Christof Fischesser incarne avec bonheur un roi respecté de ses sujets, tout à tour impérieux et compatissant. Il se joue des difficultés du rôle. Grave, medium, aigu sont parfaitement unifiés en un timbre d’airain qui porte. Il possède un superbe phrasé et une grande souplesse vocale.

L’Islandais Olafur Sigurdarson a les talents d’un futur Heldenbaryton. Il incarne un Telramund tout d’une pièce, incapable de comprendre qu’Ortrud le manipule, accumulant erreur sur erreur et clamant son bon droit d’un beau timbre charnu, cuivré, avec une excellente projection, si bien qu’on s’apitoierait presque sur son sort.

Véritable Circé, l’Ortrud de Michaela Schuster, aussi implacable que belle, est une digne émule du futur Klingsor. Sa technique impeccable, sa voix chaude, mordorée, d’une grande souplesse, alternativement impérative, cassante, suppliante ou haineuse n’ont d’égales que son impressionnante prestation scénique. C’est bien l’Ortrud voulue par Wagner, qui détruit tout ce qu’elle touche.

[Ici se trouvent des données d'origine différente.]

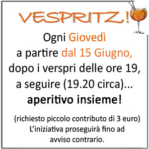 L’ultimo appuntamento di quest’estate sarà il 20 luglio. Ogni Giovedì, alla Parrocchia di Santo Spirito, a partire dal 15 giugno, dopo i Vespri delle 19.00, alle 19.20 circa, rimarremo insieme con uno… Spritz! E’ richiesto un piccolo contributo di 3 euro per chi voglia partecipare.Venite numerosi!

Le Héraut, dans cette production, est une sorte d’alter ego du roi, il ne le quitte presque jamais. Il est son porte-parole, son conseiller intime, son maître de cérémonie, il dirige les prières de l’assemblée et possède même un don de divination. Stefan Röttig, à la voix de velours, incarne à merveille ce personnage, même s’il lui manque un peu de puissance.

  

Un spectacle marquant, qui donne aussi envie d’aller voir de plus près ce qui se passe au théâtre de Saarbrücken.

 

Elisabeth Bouillon

1 La coupure supprime des éléments nécessaires à la bonne compréhension de l’histoire. Wagner craignait que la musique refroidisse l’enthousiasme du public : « Sie werde einen erkältenden Eindruck hervorbringen ». Dans cette même lettre à Franz Liszt, Wagner insistait pour qu’il ne fasse aucune autre coupure. Il est probable que les difficultés rencontrées par Goetz, le Lohengrin de la création, soient à l’origine de cette décision. Furtwängler (Fonit Cetra, 1936), Erich Leinsdorf (RCA, 1966), Daniel Barenboïm (Teldec, 1998 avec, déjà, Peter Seiffert en Lohengrin) et Semyon Bychkov en 2008 (Profil, 2008) ont restitué cette strophe dans leur enregistrement, l’estimant indispensable à l’équilibre musical de la scène et à la compréhension de l’action.

Cette strophe figure intégralement dans la traduction du livret de L’Avant-Scène Opéra (Lohengrin, n°143-144), avec, malheureusement, un contre-sens : « Als wir den Gral zu fragen nun beschickten, wohin ein Streiter zu entsenden sei » signifie « Quand nous allâmes demander au Graal où envoyer un défenseur »  et non « Alors que nous étions envoyés en quête du Graal, là où l’on attendait l’ambassade d’un champion ».

 2 A Saarbrücken les rôles de Lohengrin et d’Elsa étaient interprétés par Scott MacAllister et Janice Dixon.